The IPO isn’t coming this year. That’s the signal from reporting by the New York Times, which cited three people involved in OpenAI’s deliberations in describing a choice the company’s advisers have laid out: wait until 2027, target a $1 trillion valuation, or go public sooner at a lower number. OpenAI has not issued a public statement confirming either path.
The $1 trillion figure matters because of what it represents, not just its size. According to the Times, advisers framed $1 trillion as a threshold worth waiting for, which means the current market isn’t being read as supportive of that number today. The alternative, a quicker public debut at a lower valuation, was presented as the other option. OpenAI’s reported lean toward patience tells you which way the internal conversation is moving, even if nothing is final.

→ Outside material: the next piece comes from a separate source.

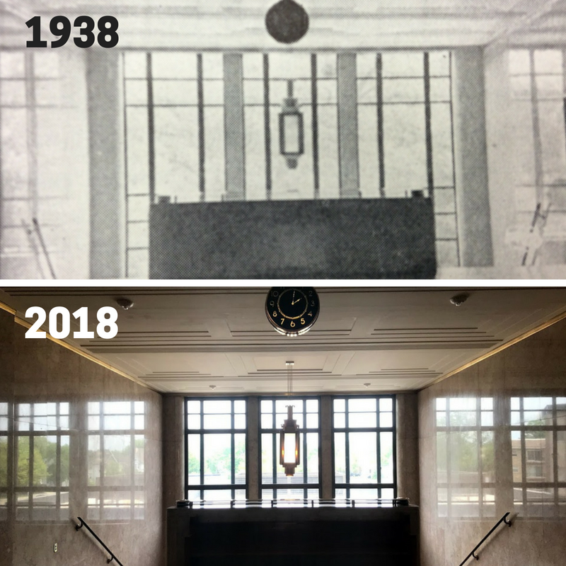 I am on the board of the Winnebago County Historical & Archaeological Society and thought it would be a great way for our organization to be involved in local preservation. I shared the idea with our board of directors, and they were excited about the idea of helping put this light back in the courthouse. So I decided to talk to the building’s new owners, Kris and Sarrah Larson, and share the significance of the light and what we were trying to do. The Larsons also run Wagner Market which is a small grocery store and meat market in a portion of their building. Molly and I stop in the from time to time to get jerky, craft beer, and locally made cheese. I stopped in and bought some of the chocolate covered almonds that Molly loves, and I asked Sarrah if she knew that the light fixture in their lobby came out of the Winnebago County Courthouse. She was surprised, so I showed her the picture of the lobby from 1938. I asked her if she would be willing to work with us and arrange to get the light back to the courthouse. She said she would be happy to work that out. Her one request was that we find her a replacement light to put in her lobby.

Markets noticed. SoftBank Group’s stock fell sharply on the news, shedding roughly $38 billion in market value. That reaction isn’t incidental. SoftBank has significant exposure to OpenAI, and a delay to 2027 pushes the timeline for any liquidity event tied to that position. When a publicly traded holding company drops on a portfolio company’s IPO delay, investors are saying something specific: the IPO timeline was already priced in.
This story doesn’t exist in isolation. OpenAI’s S-1 was reported filed confidentially in early June. The progression from “S-1 filed” to “leaning toward 2027” in under a month isn’t a reversal, it’s a negotiation playing out in public, with advisers, executives, and potential investors each sending signals through the press. xAI, Anthropic, and OpenAI have all been described as heading toward public markets. OpenAI pushing to 2027 changes the sequencing question for the whole cohort.
The SoftBank data point is worth holding onto. It’s the third major AI IPO-adjacent market signal, following Anthropic’s reported confidential filing and xAI’s investor roadshow activity. Each development is being priced in real time by investors who’ve built positions in the AI IPO pipeline. A delay at OpenAI doesn’t just affect OpenAI shareholders, it resets expectations for how long the private-to-public transition takes for frontier AI companies generally.
What to watch
OpenAI’s next formal communication to investors or employees on IPO timeline. Any change in SoftBank’s stated OpenAI position. Whether Anthropic’s filing accelerates in response to OpenAI’s reported delay, the sequencing race is real, and second-mover disadvantage in a hot IPO window is a genuine consideration for every lab watching this play out.
What to Watch
The real story here isn’t the delay. It’s the valuation math. Advisers aren’t telling OpenAI to wait because the company isn’t ready, they’re telling it to wait because the market isn’t yet pricing the company at the number that makes going public worth it. That’s a meaningful signal about where institutional appetite for frontier AI equity actually sits right now, regardless of the headline valuations attached to private rounds. Watch Anthropic’s next move. That’s where the sequencing decision gets made.